In leaving Scientology I ended up reading a lot about the history of experiments in psychology and what were good or bad experiments and which had variations or other experiments to verify or falsify or clarify findings. So, I took on the mindset that I had to examine a lot of evidence and get enough education to really have a lot of understanding to support a belief. The beliefs we have for things too complex for most of us to understand are ones that aren't the same as ones for things we personally know.

We can know that two plus two results in four by taking two items and adding two more and counting the four items. But I don't have enough education to evaluate the truth of any claim about hundreds of things like the speed of light, the size of the universe, the age of the universe and much more. Now, usually people just believe the ideas that their peers believe but unless they have a lot of education they are no more qualified to know these things than me.

So, I try to present enough evidence to support most of the ideas, especially if they are scientific, for someone to evaluate the evidence. That way you don't have to rely on my opinion, you can look at the evidence and if you are interested look into it further.

If I just have my opinions as summaries that would be less helpful in my opinion than presenting supporting evidence.

I have read dozens of books on psychology, neuroscience, cults and related topics.

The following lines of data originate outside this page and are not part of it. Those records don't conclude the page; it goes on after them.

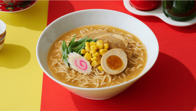 全粒粉とオーツ麦を配合した、食べ心地軽やかなこだわりの無かんすい麺が特長です。オリジナルブレンドのみそをベースに香味野菜を利かせたスープでお楽しみください。
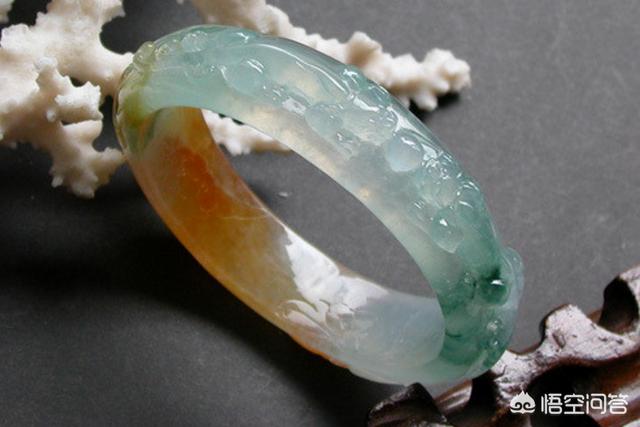 像这种镯子,底色是白色,带有少量青色,和黄色,这样的,就是三色翡翠,但它不属于福禄寿翡翠。
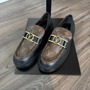 Louis Vuitton Monogram Academy Loafers NEW Black Brown Leather Gold Plate 40
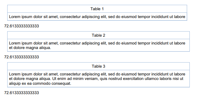 This code creates a document with 3 tables of increasing height. However, when measured each has the same height. How can a table's height be measured in a way that will account for text that wraps onto multiple lines?
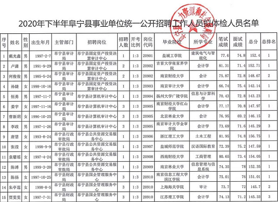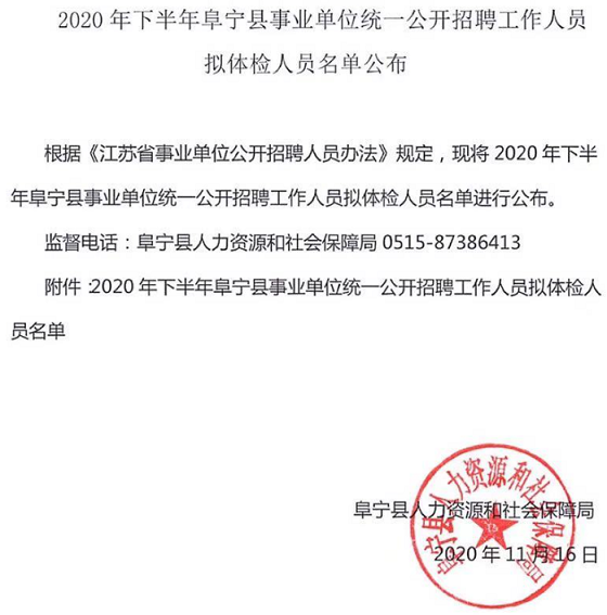 2020年下半年鹽城阜寧縣事業(yè)單位統(tǒng)一公開(kāi)招聘工作人員擬體檢人員名單公布
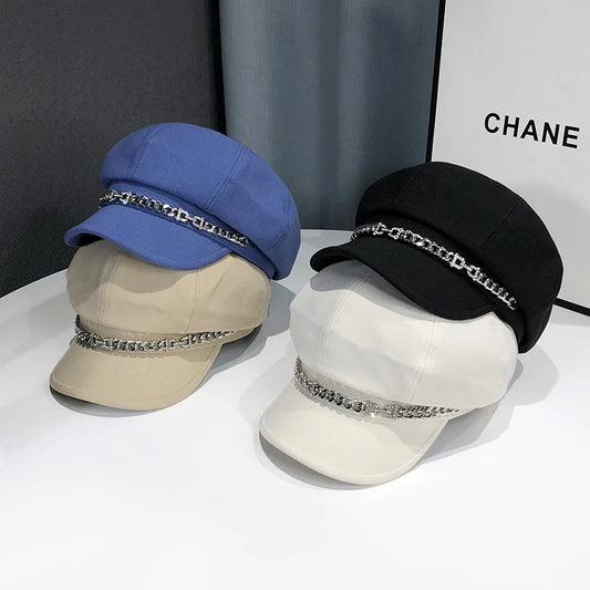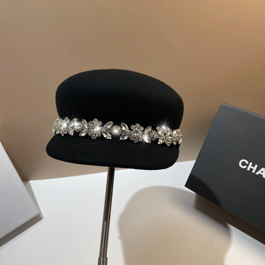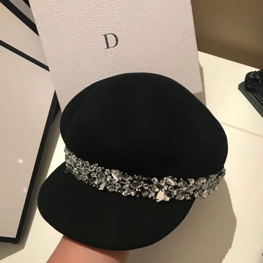 Chic Navy Rhinestone Newsboy Cap for Women
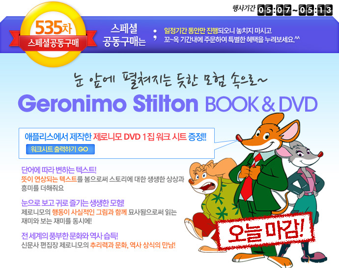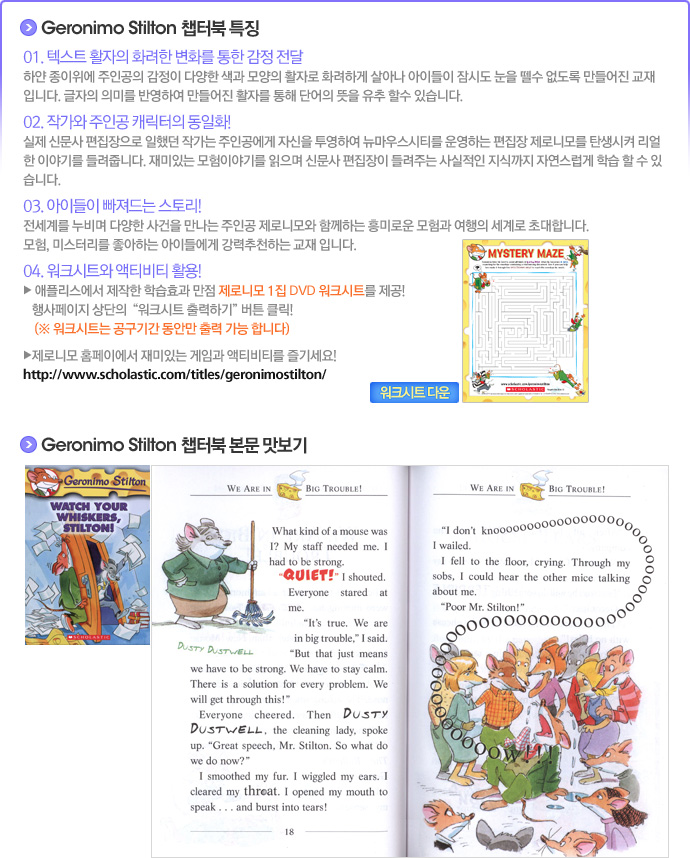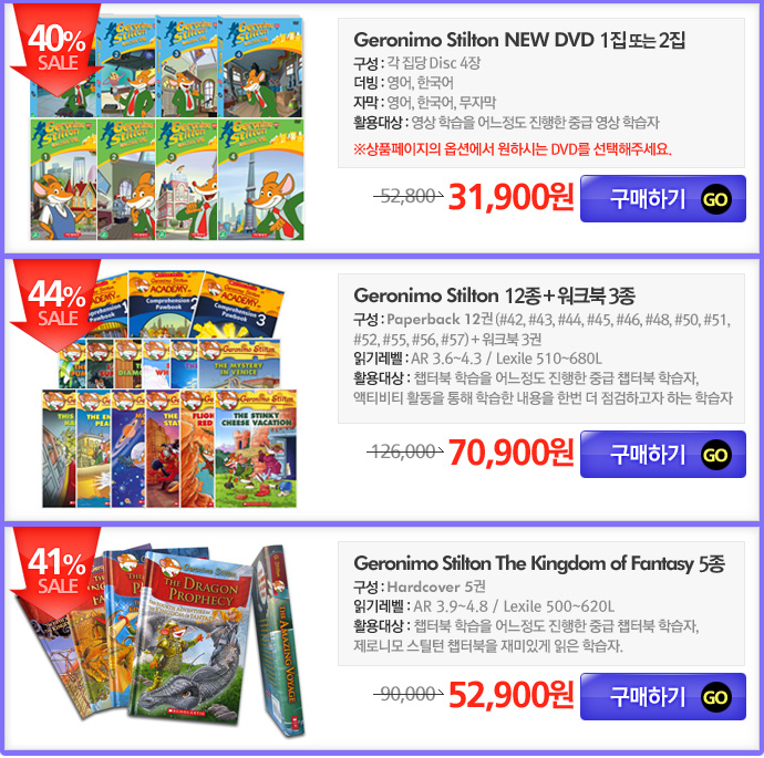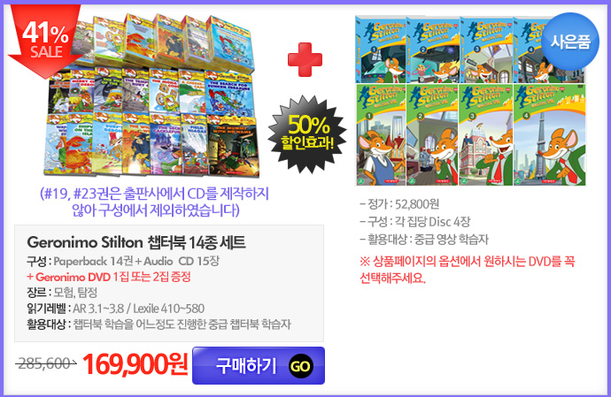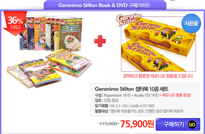 <table width="690" border="0" cellspacing="0" cellpadding="0"> <tr> <td><img src="/shop/data/skin/season2/etc/img/spkongu150506_Geronimo01.jpg" width="690" height="545" border="0" usemap="#sheet"></td> </tr> <tr> <td><img src="/shop/data/skin/season2/etc/img/spkongu150506_Geronimo02.jpg" width="690" height="452" border="0" usemap="#prod1"></td> </tr> <tr> <td><img src="/shop/data/skin/season2/etc/img/spkongu150506_Geronimo03.jpg" width="690" height="449" border="0" usemap="#prod2"></td> </tr> <tr> <td><img src="/shop/data/skin/season2/etc/img/spkongu150506_Geronimo04.jpg" width="690" height="685" border="0" usemap="#prod3"></td> </tr> <tr> <td><img src="/shop/data/skin/season2/etc/img/spkongu150506_Geronimo05.jpg" width="690" height="858" border="0" usemap="#down"></td> </tr> <tr> <td height="26" style="vertical-align:top;text-align:right;padding-right:20px;"><SCRIPT type=text/javascript>MediaPlayer('','kongu120126_geronimo.m4a',222,26,true);</SCRIPT></td> </tr> <tr> <td><img src="/shop/data/skin/season2/etc/img/spkongu150506_Geronimo06.jpg" width="690" height="1024" border="0" usemap="#view"></td> </tr> </table> <map name="view"> <area shape="rect" coords="16,806,193,841" href="/shop/board/view.php?id=contents&search[subject]=on&search[word]=geronimo&no=1437" target="_blank" onFocus="this.blur();"> </map> <map name="prod1" id="prod1"> <area shape="rect" coords="518,390,679,446" href="/shop/goods/goods_view.php?&goodsno=21350" target="_blank" onFocus="this.blur();"> </map> <map name="prod2" id="prod2"> <area shape="rect" coords="212,385,373,444" href="/shop/goods/goods_view.php?&goodsno=37937" target="_blank" onFocus="this.blur();"> </map> <map name="down" id="down"> <area shape="rect" coords="362,379,469,408" href="/KIZ/inside3/geronimo_worksheet.zip"> <area shape="rect" coords="14,363,339,385" href="http://www.scholastic.com/titles/geronimostilton/" target="_blank" onFocus="this.blur();"> </map> <map name="sheet" id="sheet"> <area shape="rect" coords="46,286,204,323" href="/shop/board/list.php?id=geronimo" target="_blank" onFocus="this.blur();"> </map> <map name="prod3" id="prod3"> <area shape="rect" coords="514,154,680,209" href="/shop/goods/goods_view.php?&goodsno=37829" target="_blank" onFocus="this.blur();"> <area shape="rect" coords="518,382,680,440" href="/shop/goods/goods_view.php?goodsno=41292" target="_blank" onFocus="this.blur();"> <area shape="rect" coords="516,602,683,659" href="/shop/goods/goods_view.php?&goodsno=39894&category=009005003014" target="_blank" onFocus="this.blur();"> </map>
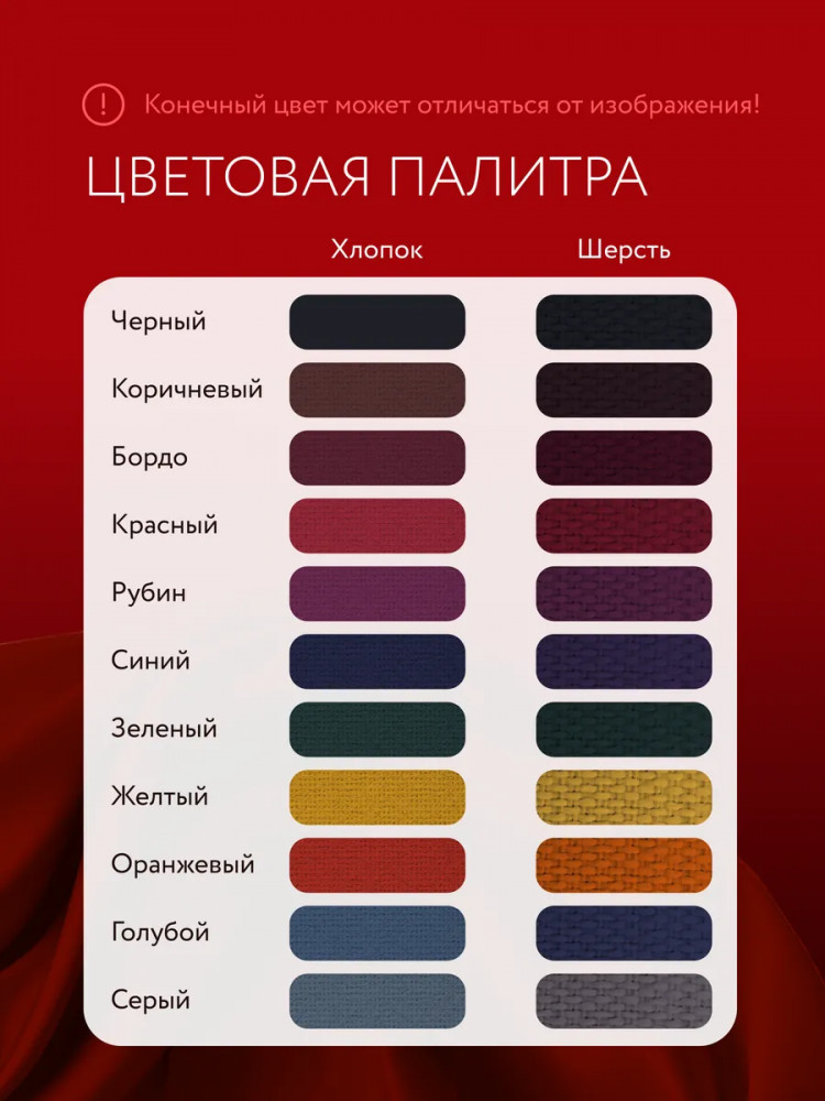 Внимание! Итоговый цвет зависит от состава ткани, а также от концентрации красителя. Вы можете посмотреть примеры прокрасов хлопка и шерсти на фото в карточке товара.
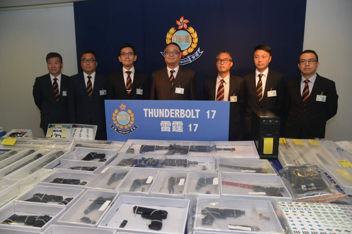 警方特別提及,年初發現有新的販運仿制槍械犯罪模式,犯罪集團利用社交平台,接受內地人士訂單,再在外地訂購,經香港運返內地。犯罪集團會將仿制槍械及配件分配給水貨客運返內地,警方在行動中合共拘捕8男2女,其中5人是主腦,部分人有三合會背景,檢獲28支高性能仿制槍械及配件。
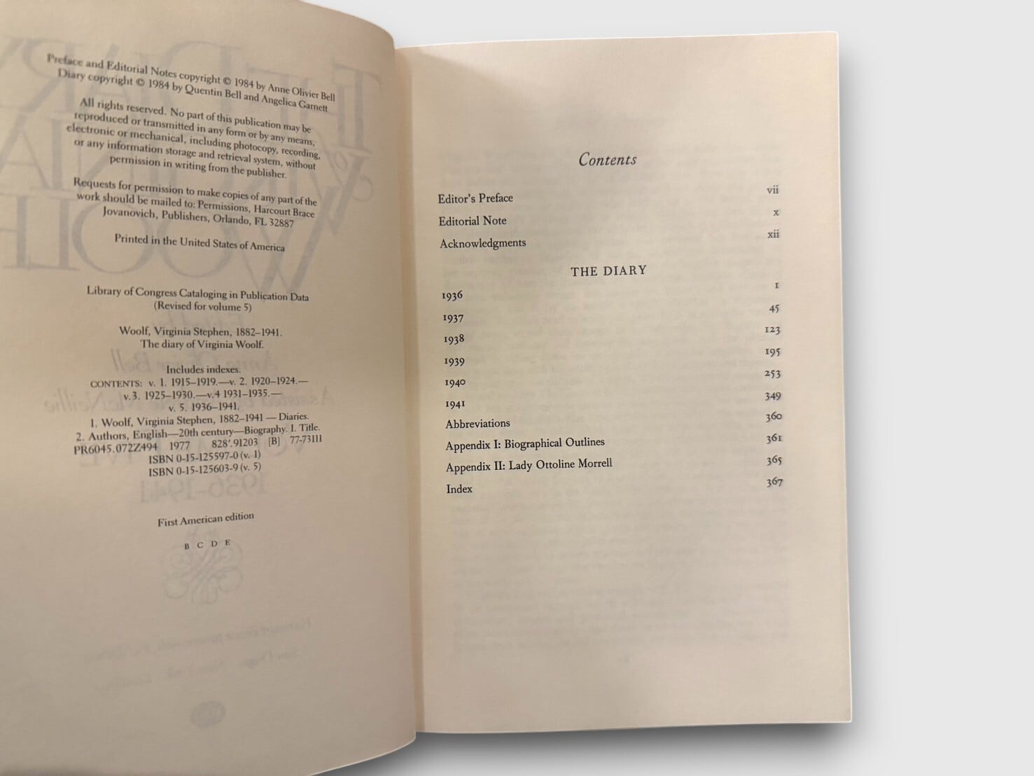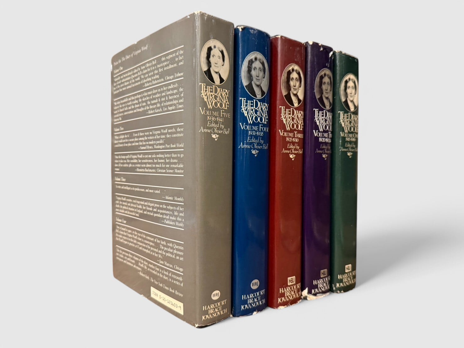 イギリスの小説家、ヴァージニア・ウルフによる1915年33歳の年から1941年に入水自殺する直前までの日記。いま読んでいる本、創作過程、本の評判や売上げ、エリオットやフォースターとの交友、またウルフが抱えていた死、喪失、病気に対しての恐怖、人生において感じる悲嘆、憂鬱、苦悩などを記録。そしてその苦しみ以上に、創造することに楽しさや喜びを感じていたことが生き生きと伝わる素晴らしいダイアリー。アメリカ版初版、全5冊揃。

I have found that books that only give conclusions and opinions as summaries are essentially useless to me.
 

freethinker

Sponsor
It seems like you are picking a scab and hoping that one day when you do, it won't bleed this time. Try dropping the whole subject for a long period of time to let the wound heal. If yo still want to pick the scab after that, I don't know what to tell you but you'll be spending a lifetime doing this.

If you want to know why you fell into Scientology, it's because you believed him. If you want to know why you believed him, it's because you wanted to.

Then one day you didn't want to anymore.